The proposed movement of Newman's body angered some gay rights campaigners, who saw it as an attempt to deliberately separate him from his close companion Ambrose St John, with whom he was buried in accordance with his personal wishes. In their view, this was to deliberately downplay the intense nature of the relationship between the two men, who had been companions for 30 years. Peter Tatchell entered the debate in an article in The Times on 19 August 2008, accusing the Vatican of "moral vandalism", and renewed his criticisms on the Sunday programme on BBC Radio 4 on 24 August 2008.

In response, the Vatican commissioned Father Ian Ker, a theologian at Oxford University, to rebut the allegations in an article for the Vatican’s newspaper, L’Osservatore Romano.

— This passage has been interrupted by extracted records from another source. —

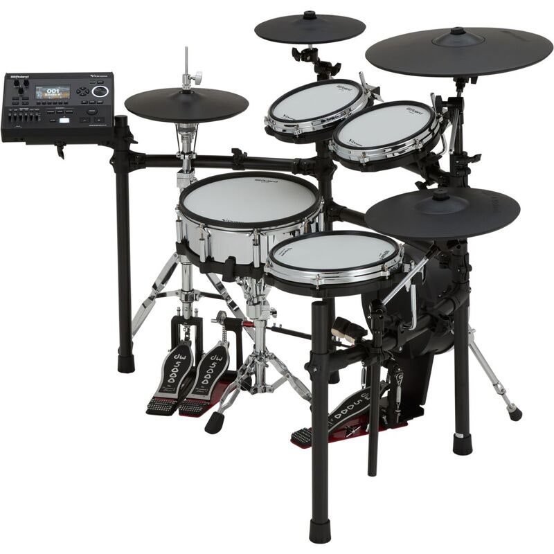 V51-ljudmodulen står i centrum och drivs av samma motor som flaggskeppsmodellen V71. Den ger tillgång till realistiska trumljud och avancerade anpassningsmöjligheter. Virveltrumman PD-140DS är digital med positionsavkänning och cross stick-funktion. Tompads PD-10P och PD-12P har kromad sarg och trippelsensorteknik som ger jämn respons och eliminerar hotspots. Bastrumman KD-12 har 7,5-tums spelyta och förstärkt konstruktion för stabilitet.
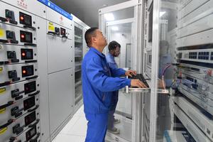 (251112) -- ARTEMISA, 12 noviembre, 2025 (Xinhua) -- Un técnico chino (frente) y un técnico cubano (atrás) trabajan en una...
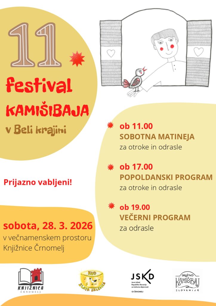 Črnomelj Festival kamišibaja v Beli krajini - Črnomelj Festival kamišibaj gledališča v Beli krajini poteka od leta 2015. V KUD Zlata skledica ga vsakoletno organizirajo v aprilu. Za več informacij se obrnite na Bredo Kočevar breda.kocevar@crn.sik.si in na Darkota Kočevarja kavadarko@gmail.com.
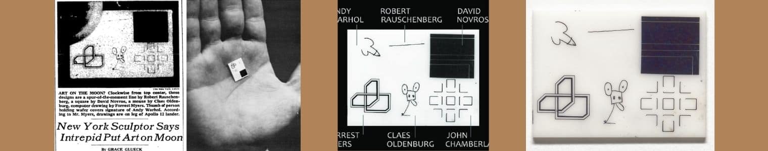 Toen de Apollo 12 in 1969 naar de maan vertrok, wilde beeldhouwer Forrest Myers dolgraag kunst naar de ruimte brengen. De NASA vond die ‘extra bagage’ echter maar niets. Myers liet zich niet stoppen en vroeg vijf iconische kunstenaars, waaronder Andy Warhol en Robert Rauschenberg, om een kleine tekening te maken. Hij liet de zes tekeningen verkleinen tot een keramisch plaatje van slechts 1,9 bij 1,3 centimeter— kleiner dan een postzegel.
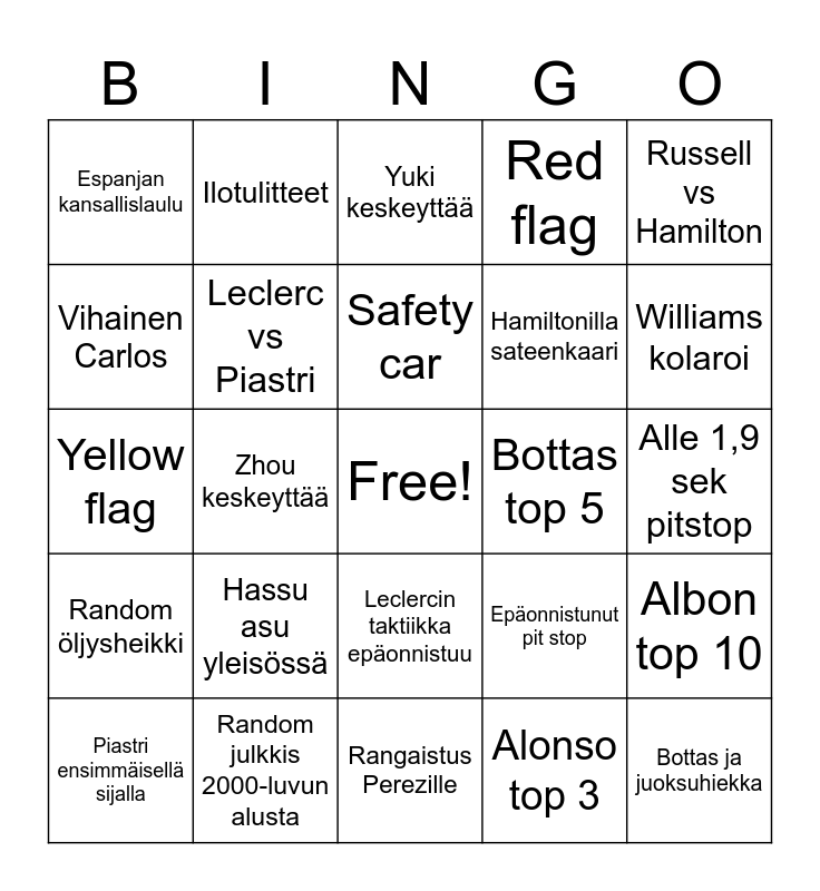 This bingo card has a free space and 24 words: Hassu asu yleisössä, Random julkkis 2000-luvun alusta, Safety car, Piastri ensimmäisellä sijalla, Russell vs Hamilton, Espanjan kansallislaulu, Vihainen Carlos, Ilotulitteet, Bottas top 5, Leclercin taktiikka epäonnistuu, Hamiltonilla sateenkaari, Yellow flag, Epäonnistunut pit stop, Albon top 10, Leclerc vs Piastri, Alonso top 3, Alle 1,9 sek pitstop, Yuki keskeyttää, Williams kolaroi, Zhou keskeyttää, Bottas ja juoksuhiekka, Random öljysheikki, Red flag and Rangaistus Perezille.

Tatchell went on to criticise the Home Office of collusion with the Vatican. According to his interpretation of heavily censored documents released to him under the Freedom of Information Act, Tatchell claimed that the Catholic Church had "put the government under sustained pressure" to obtain the authorisation to exhume the body.

Nevertheless, Ker and Fr. Paul Chavasse, current provost of the Birmingham Oratory, maintain that Newman would have been glad to submit to the wishes of the Vatican in whatever they asked, no matter his previous wishes – Newman had stated "I wish, with all my heart, to be buried in Fr Ambrose St John's grave — and I give this as my last, my imperative will", he wrote, later adding: "This I confirm and insist on."